### Prompt
Set down, exactly and only, everything from the line containing "Bakanlığın sosyal medya" down to the line containing "The title compound" in the data below; the pictures are not part of the copy.

### The input
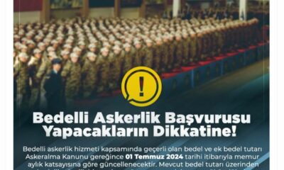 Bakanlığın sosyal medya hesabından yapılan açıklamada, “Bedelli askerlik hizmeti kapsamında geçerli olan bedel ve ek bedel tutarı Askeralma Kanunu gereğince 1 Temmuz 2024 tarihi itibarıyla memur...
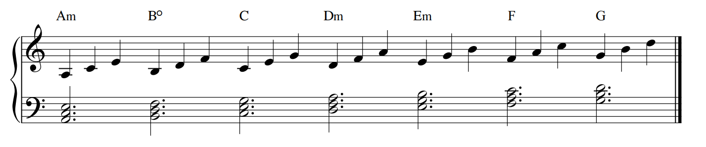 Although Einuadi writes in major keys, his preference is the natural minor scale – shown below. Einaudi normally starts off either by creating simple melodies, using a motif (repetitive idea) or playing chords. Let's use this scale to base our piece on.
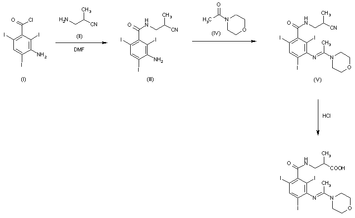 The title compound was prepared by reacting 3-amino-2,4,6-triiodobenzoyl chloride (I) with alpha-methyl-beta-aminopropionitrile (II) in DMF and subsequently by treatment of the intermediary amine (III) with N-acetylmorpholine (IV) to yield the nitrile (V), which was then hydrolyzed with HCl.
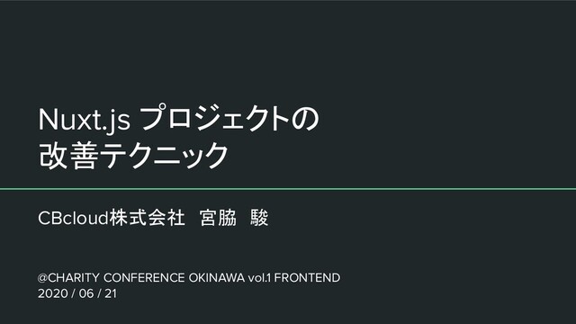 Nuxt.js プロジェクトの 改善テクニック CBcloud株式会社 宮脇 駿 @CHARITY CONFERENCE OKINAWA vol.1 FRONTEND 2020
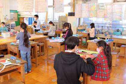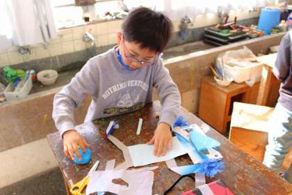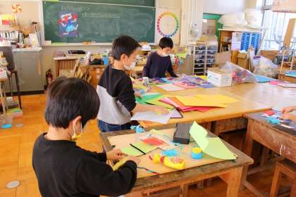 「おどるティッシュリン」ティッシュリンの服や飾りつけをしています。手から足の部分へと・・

...

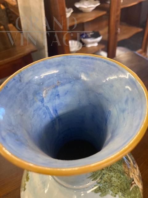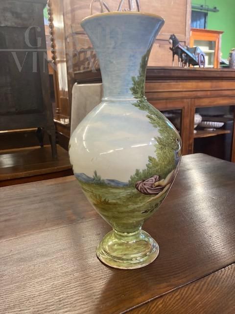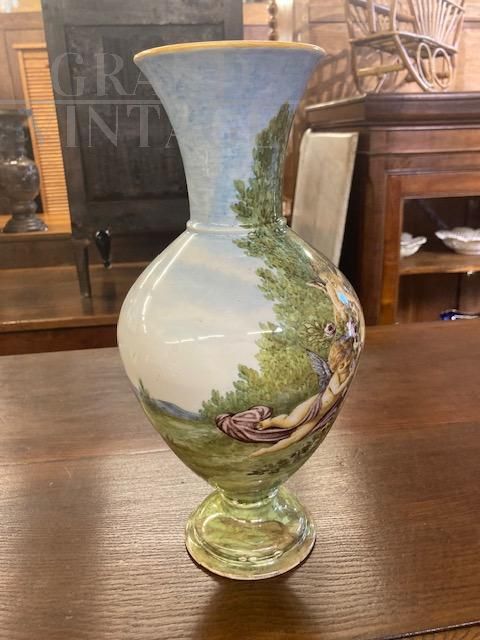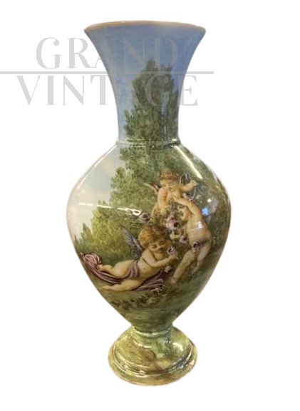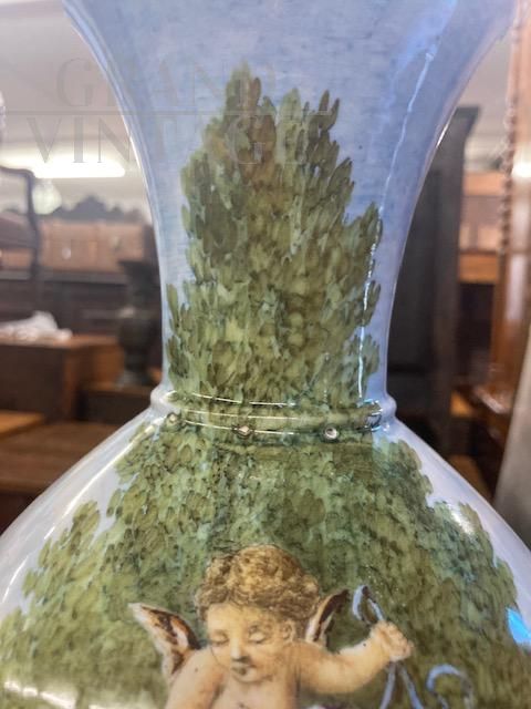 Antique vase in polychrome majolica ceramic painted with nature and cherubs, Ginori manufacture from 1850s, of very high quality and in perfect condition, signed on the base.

### Problem solution
 Bakanlığın sosyal medya hesabından yapılan açıklamada, “Bedelli askerlik hizmeti kapsamında geçerli olan bedel ve ek bedel tutarı Askeralma Kanunu gereğince 1 Temmuz 2024 tarihi itibarıyla memur...
 Although Einuadi writes in major keys, his preference is the natural minor scale – shown below. Einaudi normally starts off either by creating simple melodies, using a motif (repetitive idea) or playing chords. Let's use this scale to base our piece on.
 The title compound was prepared by reacting 3-amino-2,4,6-triiodobenzoyl chloride (I) with alpha-methyl-beta-aminopropionitrile (II) in DMF and subsequently by treatment of the intermediary amine (III) with N-acetylmorpholine (IV) to yield the nitrile (V), which was then hydrolyzed with HCl.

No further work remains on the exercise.